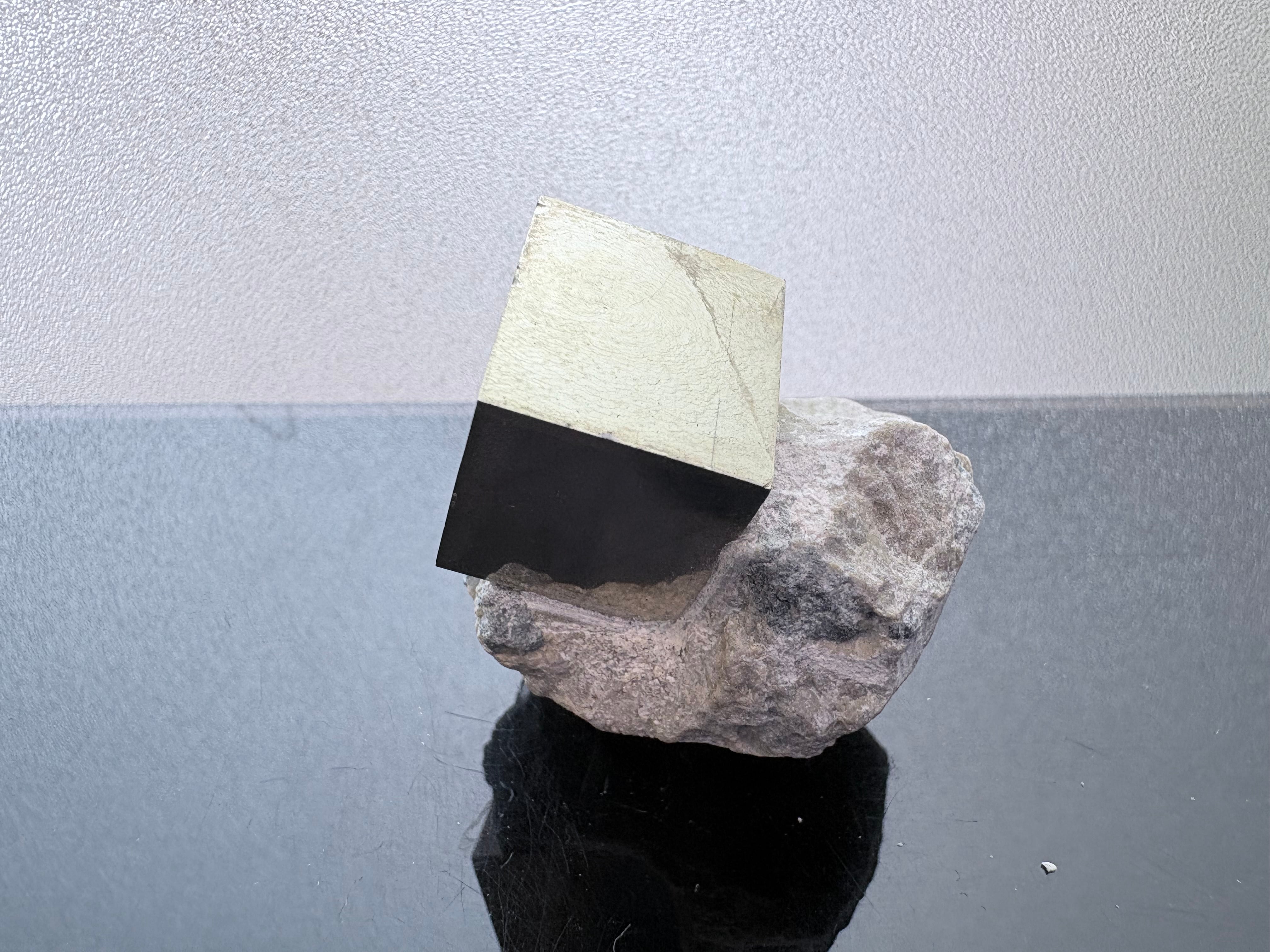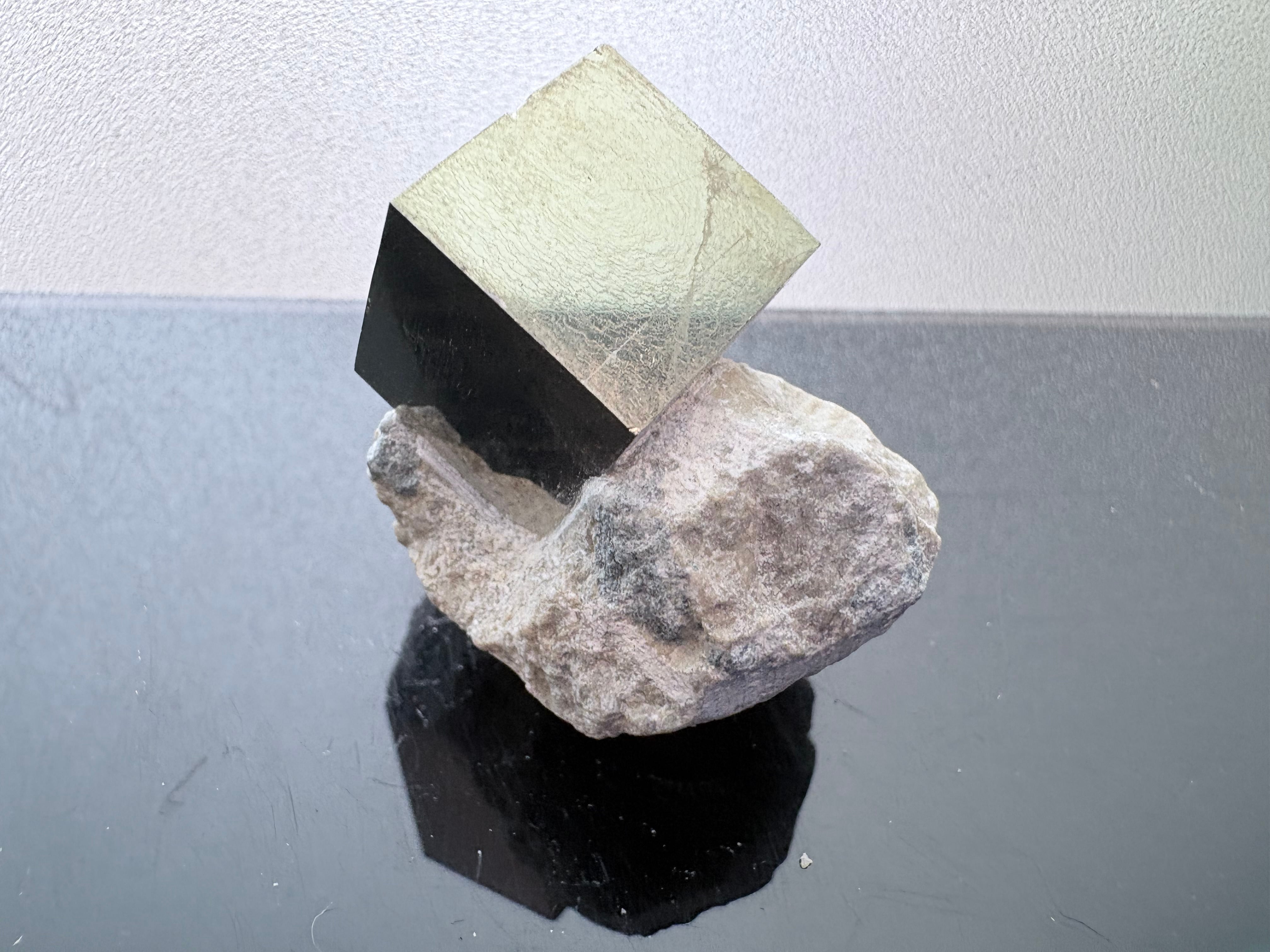 自然界が織りなす「黄金の立方体」。母岩付き。
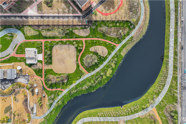 陽春三月,草長鶯飛。3月7日,無人機(jī)從空中俯瞰沙北新區(qū)水系工程二區(qū)景觀,蜿蜒的水系好似一條碧綠色絲帶環(huán)繞沙北新區(qū),大片綠色草坪生機(jī)勃勃,令景觀帶春意盎然,風(fēng)景美不勝收。
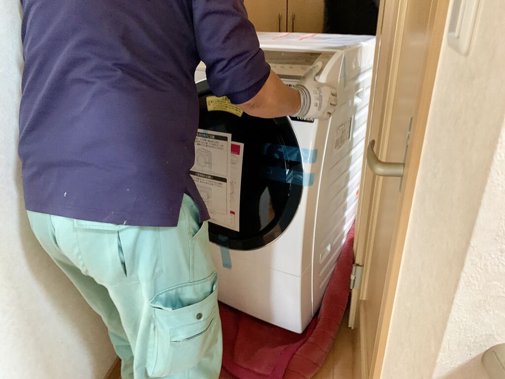 考えているうちに電気屋さん到着。電気屋さんの話だとドラム式の場合、容量11kgタイプまでなら大体60センチ幅なので、大抵の家は大丈夫とのこと。
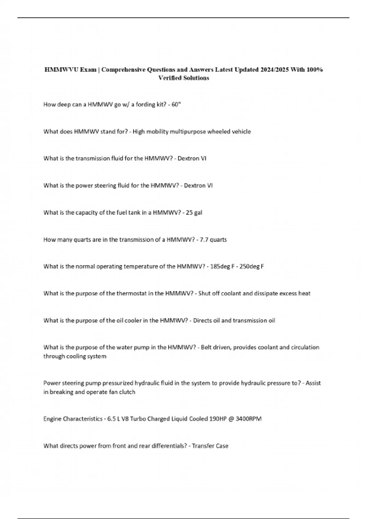 HMMWVU Exam | Comprehensive Questions and Answers Latest Updated 2024/2025 With 100% Verified Solutions

> _PROBLEM REQUIREMENTS_
Give back exactly the lines from the one that contains "考えているうちに電気屋さん到" to the final line of the data above, both included, with all pictures removed.

> _ANSWER TO THIS PROBLEM_
 考えているうちに電気屋さん到着。電気屋さんの話だとドラム式の場合、容量11kgタイプまでなら大体60センチ幅なので、大抵の家は大丈夫とのこと。
 HMMWVU Exam | Comprehensive Questions and Answers Latest Updated 2024/2025 With 100% Verified Solutions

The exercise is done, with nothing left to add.